I grew up in a family that often left their offspring to their own devices. This means the adults don’t lose a night’s sleep over how their kids live their lives. I could leave the house for days and no one would bother to find out where I went, or if I was okay. I could go out and come home with one of my limbs missing and everyone would act like it’s just a normal day. It took me a long time to come to this painful realization that, nobody cares. So I started looking out for myself the best way I could.
I tried my best but I had to drop out of school when I was in my third year of high school, because of an injury I suffered on my leg. I couldn’t walk for some time but now I’m better, although I feel pain when I walk sometimes. I told myself, “I will go back to school one day when I can afford to. But for now, I have to hustle and take care of myself.” Through my hustling, I met a guy who took a shine to me. Along the line, he expressed his feelings for me and asked me to be his girlfriend. I said yes and we started dating happily.
At one point, I realized I wanted to start a business so I started saving toward it. When I raised half of the amount I needed, my man topped me up with the other half. And I was happy to have someone in my life who cared enough about what I wanted, to invest in it.
Shortly after I started making sales, I caught this man cheating on me. I was crushed. What even hurt me most was that he tried to explain his way out of it instead of apologizing. He acted as if I should understand why he did it and we should move forward.

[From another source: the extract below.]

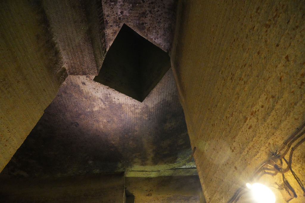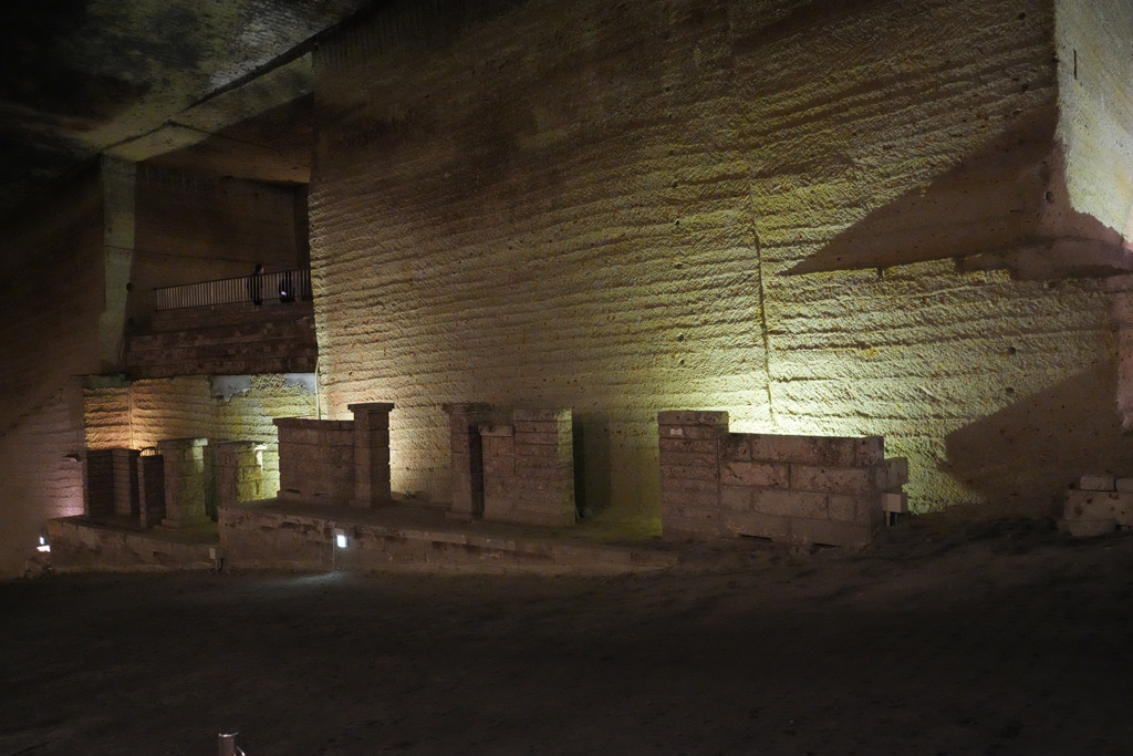 この日の外気温は30℃超えの真夏日でしたが、地下空間の温度は11℃でした。 年平均温度は7℃だそうで、天然の冷蔵庫としても利用されて来たそうです。

I wasn’t ready to take him back just yet so I asked him to give me some space to figure things out. And he got angry, “You want to leave me because I cheated on you? Have you forgotten that I gave you half of the money you are running your business with?” And before could say, “Jack Robinson,” he started asking for his money back.
I told him, “I will pay you back as soon as I can afford to hold the business together without the money you invested in it.” He said no and I didn’t have any other option than to pay him back. The relationship ended silently there and then, and so did my business.

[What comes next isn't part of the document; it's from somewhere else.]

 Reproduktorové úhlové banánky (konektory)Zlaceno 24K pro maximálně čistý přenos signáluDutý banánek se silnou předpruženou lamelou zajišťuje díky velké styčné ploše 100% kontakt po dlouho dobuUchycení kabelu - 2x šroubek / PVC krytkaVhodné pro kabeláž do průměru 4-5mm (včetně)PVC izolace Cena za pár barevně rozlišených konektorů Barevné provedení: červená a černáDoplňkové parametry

A short while after that incident, I met a thirty-four-year-old man who is a doctor. I was quite sceptical about getting involved with him at first, because of my terrible experience with my ex, and also because of our age difference. I am twenty, which makes him fourteen years older than me. But he managed to convince me to give him a chance, and I did. We’ve been together for over two months now. He is handsome and rich, while I am a broke girl who walks with a limp. It makes me feel like a gold digger sometimes. And I get uncomfortable whenever he takes me out to meet his friends.
I feel like I don’t belong in their world. Most of the conversations they have, go over my head. And I have tattoos so I always feel like they would have the wrong perception of me. This makes me feel so insecure that I am unable to interact with them. I stay on my phone the entire time we are out until someone asks me a question, which I always answer nervously. Because I am scared they would delve deep into my life and discover that I am not in their class.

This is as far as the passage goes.